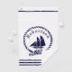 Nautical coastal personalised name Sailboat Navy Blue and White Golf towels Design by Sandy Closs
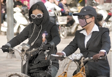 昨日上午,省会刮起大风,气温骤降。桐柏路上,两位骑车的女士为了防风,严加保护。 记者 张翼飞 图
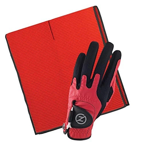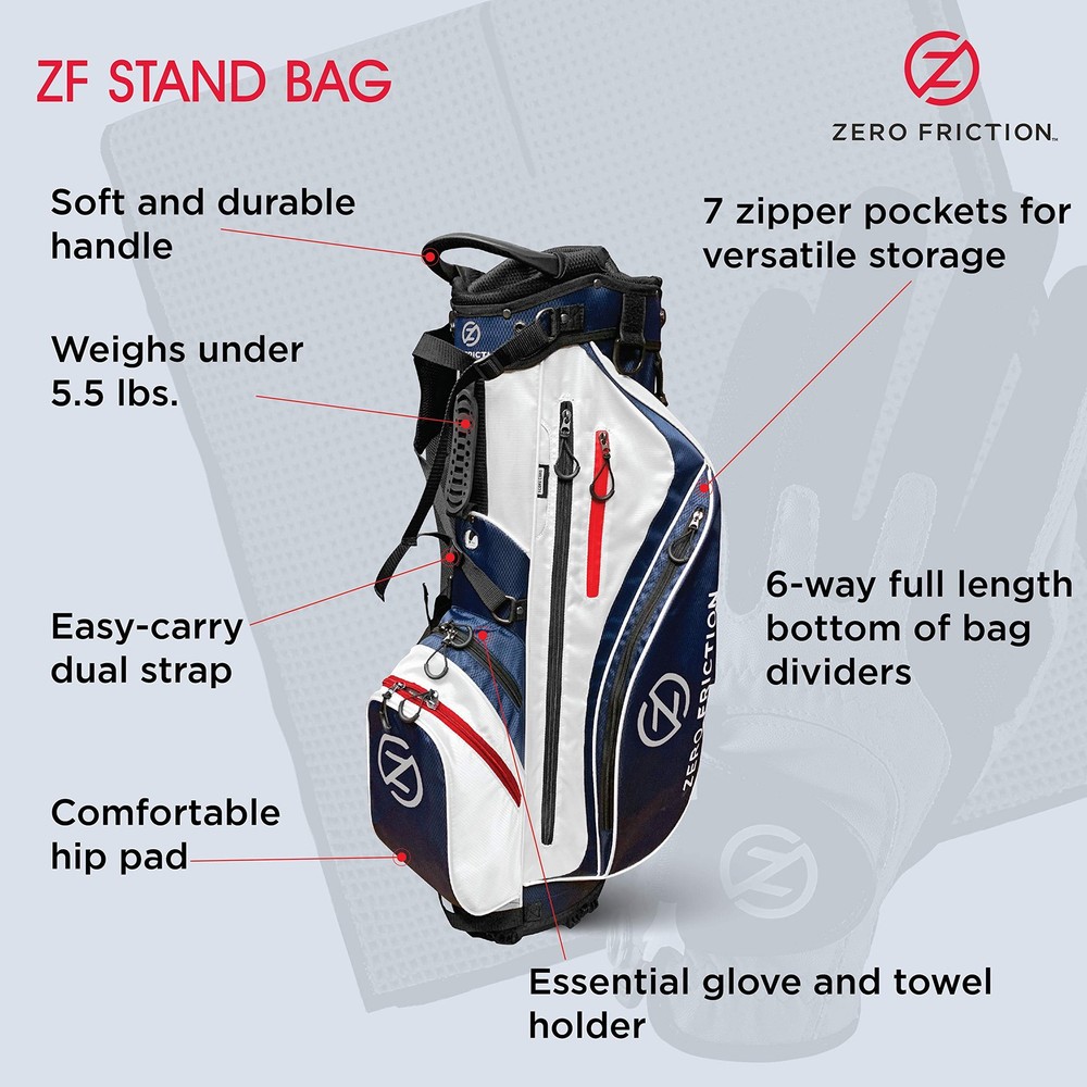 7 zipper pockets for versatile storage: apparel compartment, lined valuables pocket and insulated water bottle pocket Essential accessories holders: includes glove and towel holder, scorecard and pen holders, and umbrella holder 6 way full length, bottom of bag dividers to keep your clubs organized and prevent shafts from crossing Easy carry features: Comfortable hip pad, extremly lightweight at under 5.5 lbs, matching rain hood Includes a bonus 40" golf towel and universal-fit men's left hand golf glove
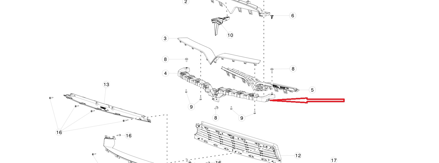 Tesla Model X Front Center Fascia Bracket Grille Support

- - - - -

* [WHAT TO PRODUCE]
Word for word, return the material, omitting the pictures.

* [SOLUTION TO THIS PROBLEM]
 Nautical coastal personalised name Sailboat Navy Blue and White Golf towels Design by Sandy Closs
 昨日上午,省会刮起大风,气温骤降。桐柏路上,两位骑车的女士为了防风,严加保护。 记者 张翼飞 图
 7 zipper pockets for versatile storage: apparel compartment, lined valuables pocket and insulated water bottle pocket Essential accessories holders: includes glove and towel holder, scorecard and pen holders, and umbrella holder 6 way full length, bottom of bag dividers to keep your clubs organized and prevent shafts from crossing Easy carry features: Comfortable hip pad, extremly lightweight at under 5.5 lbs, matching rain hood Includes a bonus 40" golf towel and universal-fit men's left hand golf glove
 Tesla Model X Front Center Fascia Bracket Grille Support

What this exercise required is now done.